Trump is not Hitler, for he has no coherent evil political ideology. He is a garden-variety bigot with minimal capacity for focusing on any issue for more than a few minutes. His authoritarian style and personality traits, could, however, wreak havoc on democratic institutions as well as the economy and further marginalize non-whites. The same could happen if he essentially delegates decisions to highly motivated and well-organized extremists, like Stephen Bannon, his new senior counselor and chief strategist; Jeff Sessions, the nominee for Attorney General; Mike Pompeo, the proposed CIA Director.
A quite astute analysis of Trump's personality, based on his own words and deeds, indicates his propensity to express anger and feed his bottomless need for acclaim by trying to hit a home run on every pitch against his designated enemies, i.e., opting for an extreme policy, instead of compromising or just moving on. In his business negotiations, this was his approach as well, but he recognized his "adversary" had some chips and he might have to compromise, even if only slightly. As President of the most powerful country on earth, and with an obeisant Senate and House, he may have little or no incentive to compromise in dealings with foreign countries or Democrats. Those he has nominated to the cabinet, thus far, also seem to view the world and the solution to challenges in their future domains in black-white terms. Where will the countervailing power be?
The mainstream print and broadcast media might be expected to play such a role, but four problems will make that less likely. First, this election has shown that the internet has played an out-sized role in generating propaganda and outright fabricated "news," which have left many unsure about what is real news. Second, the news networks need to have access to the President and his appointees. If CNN or the other networks did real journalism by exposing Trump, he would boycott them and punish other aides and politicians who did not fall in line. Third, the news media also know that Trump's volatility and the likelihood of myriad crises are good for ratings.

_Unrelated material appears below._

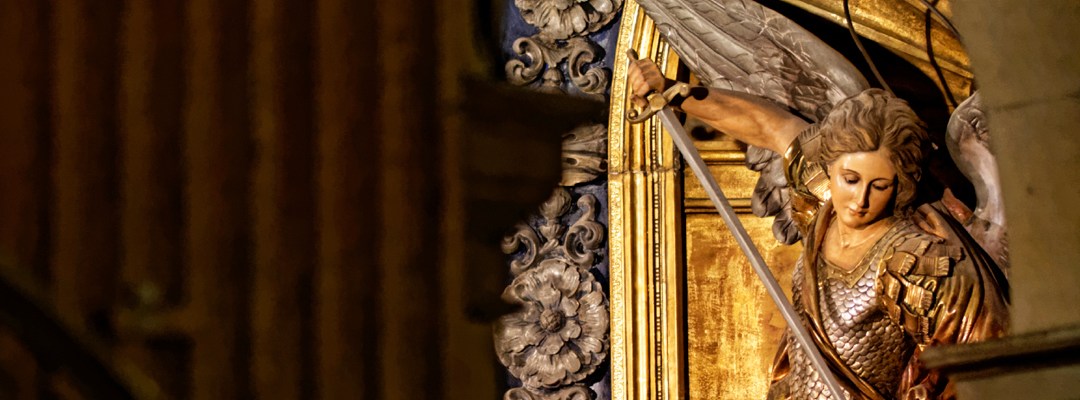 As for my reference to Michael Archangel on the heading, I will not make any particular prayer to him explicit here. Just explain I’m praying. Also, some representations of him have been in my mind all the time while I doubted about how to illustrate this post… In particular, there is a powerful Baroque statue of St Michael Archangel defeating Satan in a chapel at the Basílica de Santa Maria de la Mercè, in Barcelona:

As Leslie Moonves, CBS CEO said of the Trump campaign, "It may not be good for America, but it's damn good for CBS." Finally, the tradition by which mainstream journalistic "objectivity" turns news into stenography (e.g., "Senator X says 2+2=4, but Senator Y says it is 5. Ok, they disagree on that one. Now, on to long division."), instead of searching for truth, has played into the hands of the GOP for decades. Trump's mass production of lies would, however, overwhelm the media's ability to to fact-check, even if they were so inclined.
The chilling words, attributed to Karl Rove, in a 2004 conversation with journalist Ron Suskind, during the George W. Bush Administration are truer now than ever before:
The aide said that guys like me were "in what we call the reality-based community," which he defined as people who "believe that solutions emerge from your judicious study of discernible reality." ... "That's not the way the world really works anymore," he continued. "We're an empire now, and when we act, we create our own reality. And while you're studying that reality--judiciously, as you will--we'll act again, creating other new realities, which you can study too, and that's how things will sort out. We're history's actors...and you, all of you, will be left to just study what we do."